++++ EXTRACTED RECORDS ++++
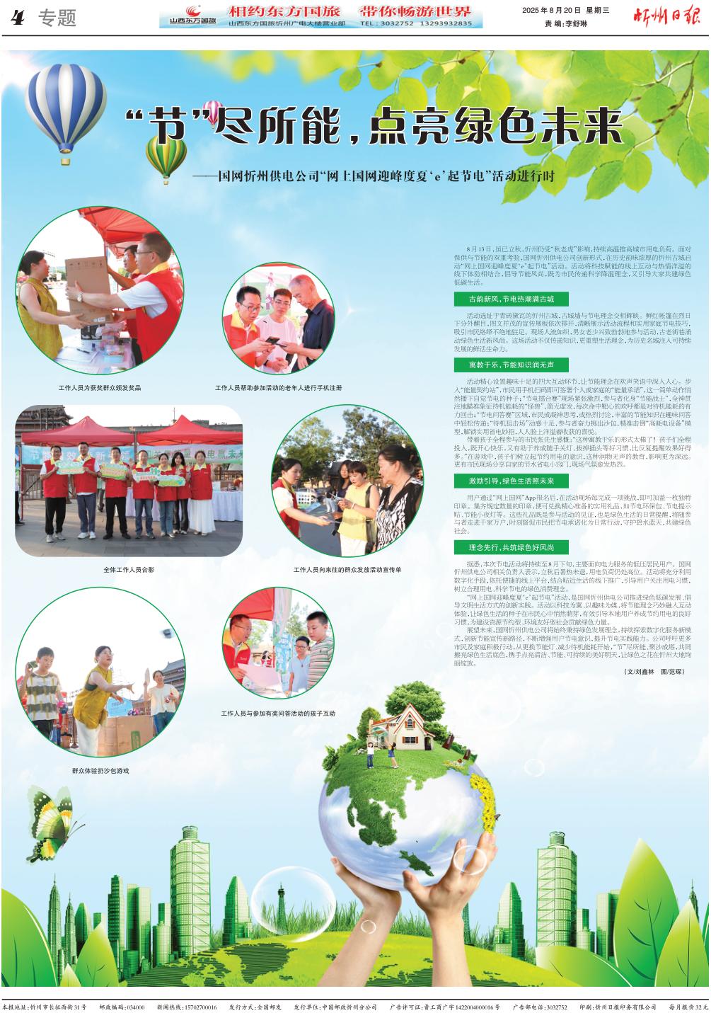 展望未來,國網(wǎng)忻州供電公司將始終秉持綠色發(fā)展理念,持續(xù)探索數(shù)字化服務(wù)新模式,創(chuàng)新節(jié)能宣傳新路徑,不斷增強用戶節(jié)電意識,提升節(jié)電實踐能力。公司呼吁更多市民及家庭積極行動,從更換節(jié)能燈、減少待機能耗開始,“節(jié)”盡所能、聚沙成塔,共同擦亮綠色生活底色,攜手點亮清潔、節(jié)能、可持續(xù)的美好明天,讓綠色之花在忻州大地絢麗綻放。
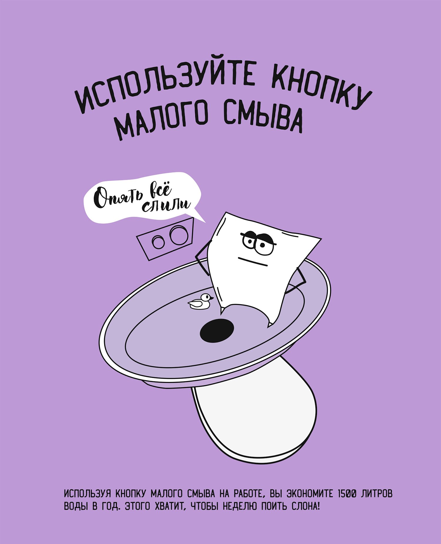 * Экономия воды. По оценке Агентства по защите окружающей среды, в США замена всех унитазов на модели с кнопкой малого смыва могла бы сэкономить 7,5 млн литров воды ежедневно. Уверены, что для нашей страны цифры оказались бы не менее впечатляющими. * Экономия средств. Плата за воду — не последняя строка расходов для дома и офиса. При установленных счетчиках воды экономия становится оправданной материально, тем более что вам она не стоит ни малейших усилий. * Экономия в обслуживании. Унитазы с двойной системой смыва не имеют старомодных сифонов, а используют гравитацию, чтобы делать свою работу. Это позволяет избежать множества проблем и поломок. Предлагая простые экошаги, мы не призываем отказаться от привычных благ. Кнопка малого смыва лишь помогает реализовать экологичный принцип «Используй только то, что тебе нужно». Одно нажатие кнопки — маленький, но весьма регулярный вклад в сбережение ресурсов, который доступен абсолютно каждому!
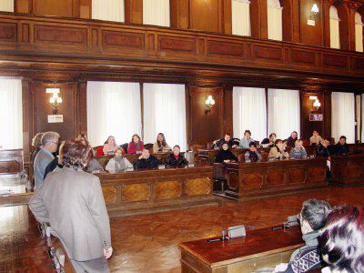Il presidente del Consiglio Comunale Bruno Sulli e gli insegnanti in piedi, gli studenti seduti nei banchi della sala del Consiglio Comunale
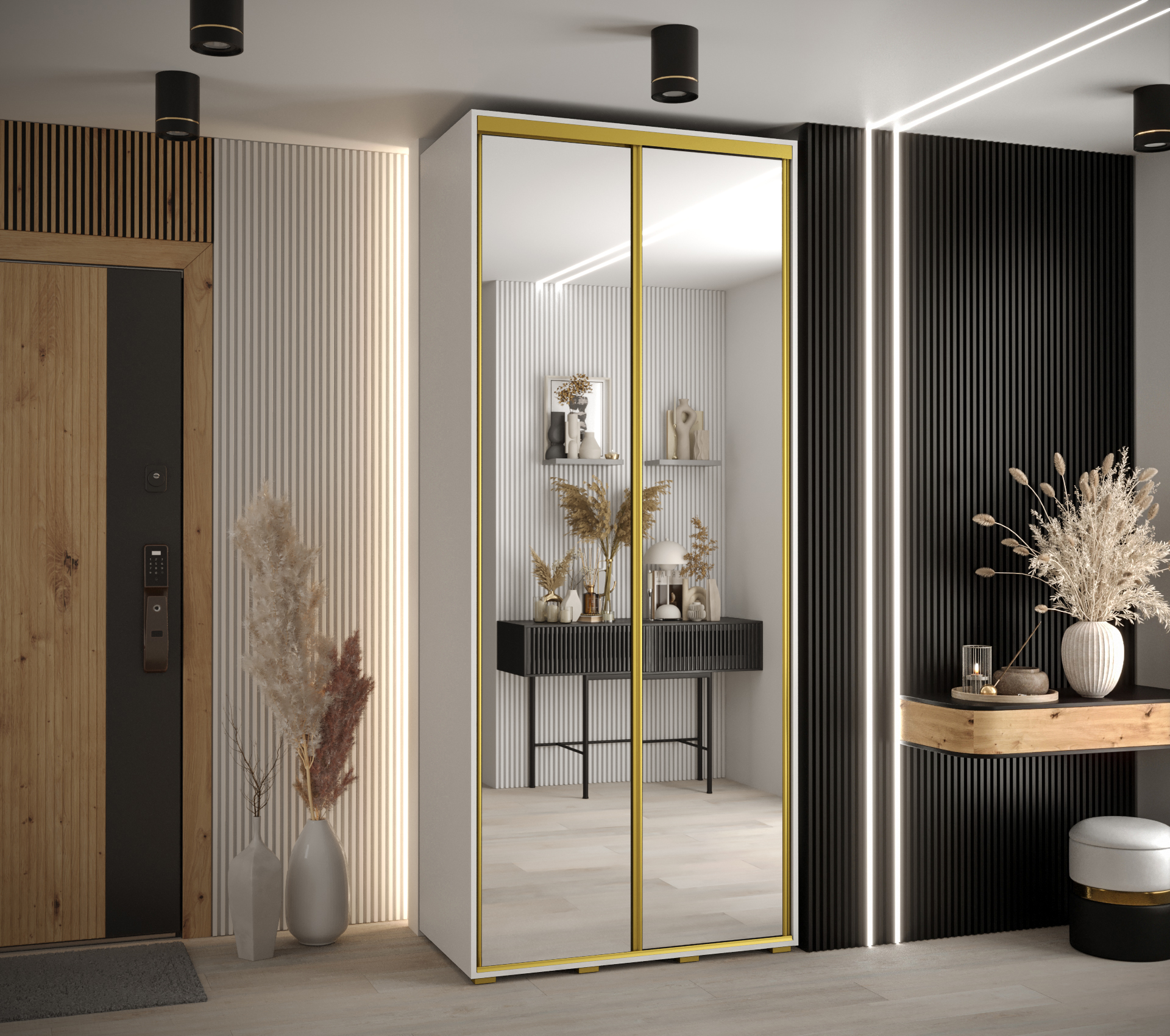 Skříň obsahuje minimálně dvě výsuvné tyče a několik polic, které umožňují variabilní uspořádání podle vašich potřeb. Můžete si je poskládat do doporučených sestav nebo vytvořit vlastní uspořádání pro maximální efektivitu.
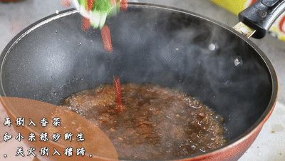 倒入香菜和小米辣炒斷生,關(guān)火倒入豬蹄,攪拌均勻讓每塊豬蹄都蘸上料汁即可
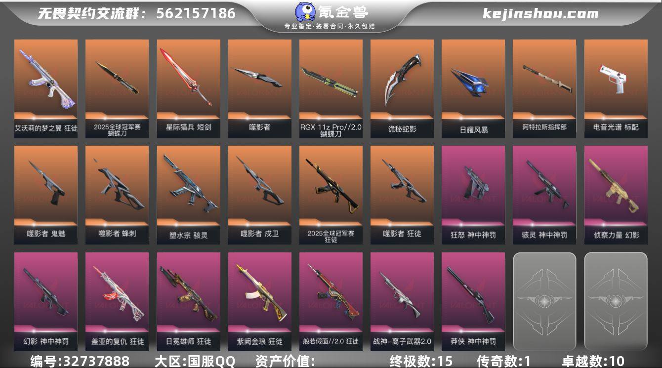 【套装】:2025全球冠军赛套装,噬影者套装,神中神罚套装 【英雄】:幻棱,炼狱,维斯,暮蝶,壹决,铁臂,捷风,雷兹,幽影,不死鸟,贤者,猎枭,蝰蛇,零,芮娜,奇乐,尚勃勒,霓虹,夜露,K/O,盖可,黑梦,钢锁 【近战武器】:近战武器-2025全球冠军赛 蝴蝶刀,近战武器-神之刃,近战武器-RGX 11z Pro//2.0 蝴蝶刀,近战武器-噬影者 簇刃,近战武器-诡秘蛇影 军刀,近战武器-日耀风暴 遗器,近战武器-阿特拉斯指挥部 甩棍,近战武器-星际猎兵 短剑 【狂徒】:狂徒-2025全球冠军赛,狂徒-噬影者,狂徒-艾沃莉的梦之翼,狂徒-般若假面//2.0,狂徒-盖亚的复仇,狂徒-日冕雄师,狂徒-紫阙金琅,狂徒-诡秘蛇影 【幻影】:幻影-侦察力量,幻影-神中神罚,幻影-末日之翼 【戍卫】:戍卫-噬影者,戍卫-折光棱晶 【飞将】:飞将-末日之翼 【莽侠】:莽侠-神中神罚,莽侠-诡秘蛇影 【战神】:战神-离子武器//2.0 【奥丁】:奥丁-末日之翼 【判官】:判官-诡秘蛇影 【骇灵】:骇灵-塑水宗,骇灵-神中神罚,骇灵-无限竞技 【蜂刺】:蜂刺-噬影者,蜂刺-折光棱晶 【标配】:标配-电音光谱,标配-折光棱晶,标配-电音光谱 【鬼魅】:鬼魅-噬影者,鬼魅-诡秘蛇影 【狂怒】:狂怒-神中...
++++
- WORK INSTRUCTION
Would you please give the material above again, unchanged but without pictures?

- REPLY TO THE EXERCISE
 展望未來,國網(wǎng)忻州供電公司將始終秉持綠色發(fā)展理念,持續(xù)探索數(shù)字化服務(wù)新模式,創(chuàng)新節(jié)能宣傳新路徑,不斷增強用戶節(jié)電意識,提升節(jié)電實踐能力。公司呼吁更多市民及家庭積極行動,從更換節(jié)能燈、減少待機能耗開始,“節(jié)”盡所能、聚沙成塔,共同擦亮綠色生活底色,攜手點亮清潔、節(jié)能、可持續(xù)的美好明天,讓綠色之花在忻州大地絢麗綻放。
 * Экономия воды. По оценке Агентства по защите окружающей среды, в США замена всех унитазов на модели с кнопкой малого смыва могла бы сэкономить 7,5 млн литров воды ежедневно. Уверены, что для нашей страны цифры оказались бы не менее впечатляющими. * Экономия средств. Плата за воду — не последняя строка расходов для дома и офиса. При установленных счетчиках воды экономия становится оправданной материально, тем более что вам она не стоит ни малейших усилий. * Экономия в обслуживании. Унитазы с двойной системой смыва не имеют старомодных сифонов, а используют гравитацию, чтобы делать свою работу. Это позволяет избежать множества проблем и поломок. Предлагая простые экошаги, мы не призываем отказаться от привычных благ. Кнопка малого смыва лишь помогает реализовать экологичный принцип «Используй только то, что тебе нужно». Одно нажатие кнопки — маленький, но весьма регулярный вклад в сбережение ресурсов, который доступен абсолютно каждому!
Il presidente del Consiglio Comunale Bruno Sulli e gli insegnanti in piedi, gli studenti seduti nei banchi della sala del Consiglio Comunale
 Skříň obsahuje minimálně dvě výsuvné tyče a několik polic, které umožňují variabilní uspořádání podle vašich potřeb. Můžete si je poskládat do doporučených sestav nebo vytvořit vlastní uspořádání pro maximální efektivitu.
 倒入香菜和小米辣炒斷生,關(guān)火倒入豬蹄,攪拌均勻讓每塊豬蹄都蘸上料汁即可
 【套装】:2025全球冠军赛套装,噬影者套装,神中神罚套装 【英雄】:幻棱,炼狱,维斯,暮蝶,壹决,铁臂,捷风,雷兹,幽影,不死鸟,贤者,猎枭,蝰蛇,零,芮娜,奇乐,尚勃勒,霓虹,夜露,K/O,盖可,黑梦,钢锁 【近战武器】:近战武器-2025全球冠军赛 蝴蝶刀,近战武器-神之刃,近战武器-RGX 11z Pro//2.0 蝴蝶刀,近战武器-噬影者 簇刃,近战武器-诡秘蛇影 军刀,近战武器-日耀风暴 遗器,近战武器-阿特拉斯指挥部 甩棍,近战武器-星际猎兵 短剑 【狂徒】:狂徒-2025全球冠军赛,狂徒-噬影者,狂徒-艾沃莉的梦之翼,狂徒-般若假面//2.0,狂徒-盖亚的复仇,狂徒-日冕雄师,狂徒-紫阙金琅,狂徒-诡秘蛇影 【幻影】:幻影-侦察力量,幻影-神中神罚,幻影-末日之翼 【戍卫】:戍卫-噬影者,戍卫-折光棱晶 【飞将】:飞将-末日之翼 【莽侠】:莽侠-神中神罚,莽侠-诡秘蛇影 【战神】:战神-离子武器//2.0 【奥丁】:奥丁-末日之翼 【判官】:判官-诡秘蛇影 【骇灵】:骇灵-塑水宗,骇灵-神中神罚,骇灵-无限竞技 【蜂刺】:蜂刺-噬影者,蜂刺-折光棱晶 【标配】:标配-电音光谱,标配-折光棱晶,标配-电音光谱 【鬼魅】:鬼魅-噬影者,鬼魅-诡秘蛇影 【狂怒】:狂怒-神中...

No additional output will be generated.